Herr Kluger, wie ist Bischof Ulrich in Ihr Leben getreten und wie hat er es geschafft, Sie so lange zu fesseln, dass Sie diese "Spurensuche" jetzt nach einem langen Berufsleben als Autor aufnehmen?

Martin Kluger: St. Ulrich ist quasi vom ersten Tag an in mein Leben getreten. Mein zweiter Vorname ist Ulrich. Es gab ganz viele Ulriche und Ulrikes in dieser Zeit, weil das Ulrichsjahr 1955 den Namen massiv in die Medien getragen hatte – vermutlich war das ein Grund für die damalige Beliebtheit dieser Vornamen. Dann entstanden bei mir nach und nach über meine Arbeit an Büchern zu den Fuggern, zu Reisezielen und Sehenswürdigkeiten in Augsburg und im bayerischen Schwaben – und nicht zuletzt über meine Publikationen zur historischen Augsburger Wasserwirtschaft. Das "Augsburger Wassermanagement-System" ist ja seit 2019 UNESCO-Welterbe. Die Bewerbung der Stadt Augsburg basierte auf meinem Ideenpapier. Auf dem Weg zu dieser Idee bin ich auch auf St. Ulrich gestoßen. Dass ausgerechnet ein Augsburger Bischof als Patron bei Wassergefahren und als Brunnenheiliger verehrt wurde, hat mit dem Wasserreichtum an Lech und Wertach und den dort ständig wiederkehrenden Hochwassern zu tun.

Liest man Ihr Buch, kommt man schnell zur Erkenntnis, dass Ulrich gerade im Raum Augsburg-Schwaben allgegenwärtig ist. Was hat Sie bei Ihrer Recherche nun doch noch aufs Neue überrascht?
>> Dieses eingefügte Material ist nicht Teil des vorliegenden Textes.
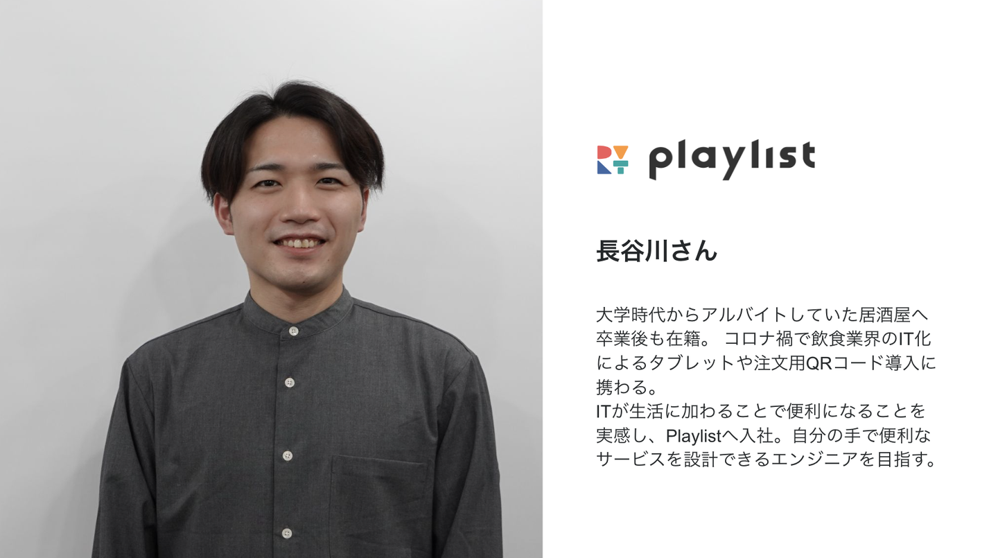 今回は居酒屋店員からPlaylistに今年1月に入社し、駆け出しエンジニアとして一歩目を踏み出された長谷川さんにインタビューしました! 入社後2ヶ月間のテスト案件からスタートした長谷川さんが振り返る「つまづき」と「楽しさ」とは?

Martin Kluger: Zwei Dinge haben mich überrascht. Erstens: Wie dicht an dicht die Denkmäler des Heiligen – also Kirchen und Kapellen, Kunstwerke und Erinnerungsorte zum heiligen Ulrich um Augsburg liegen: Im Lechtal und im Donautal, vor allem im Allgäu findet man "Ulriche" ohne Ende. Im Allgäu hängt das mit den einstigen Nebenresidenzen der Augsburger Bischöfe in Marktoberdorf und Hindelang zusammen. In der hochalpinen Alpwirtschaft hat der Ulrichstag bis heute Bedeutung, weil St. Ulrich auch für gutes Wetter "zuständig" ist. Im Donautal saßen die Hupaldinger, die Sippe des Adeligen Ulrich, der vielleicht in Wittislingen nahe Dillingen an der Donau geboren wurde. Einen Heiligen in der Familie hat man natürlich so oft wie möglich herausgestrichen. Zweitens: Dass die Legenden um den Heiligen aus realen historischen Ereignissen entstanden sind – das "Fischwunder" etwa aus den Konflikten der Bischofsstadt Augsburg mit dem Herzogtum Bayern. Und ein Verwandter Bischof Ulrichs wurde enthauptet – sogar daraus ist wohl eine etwas skurrile Heiligenlegende entstanden.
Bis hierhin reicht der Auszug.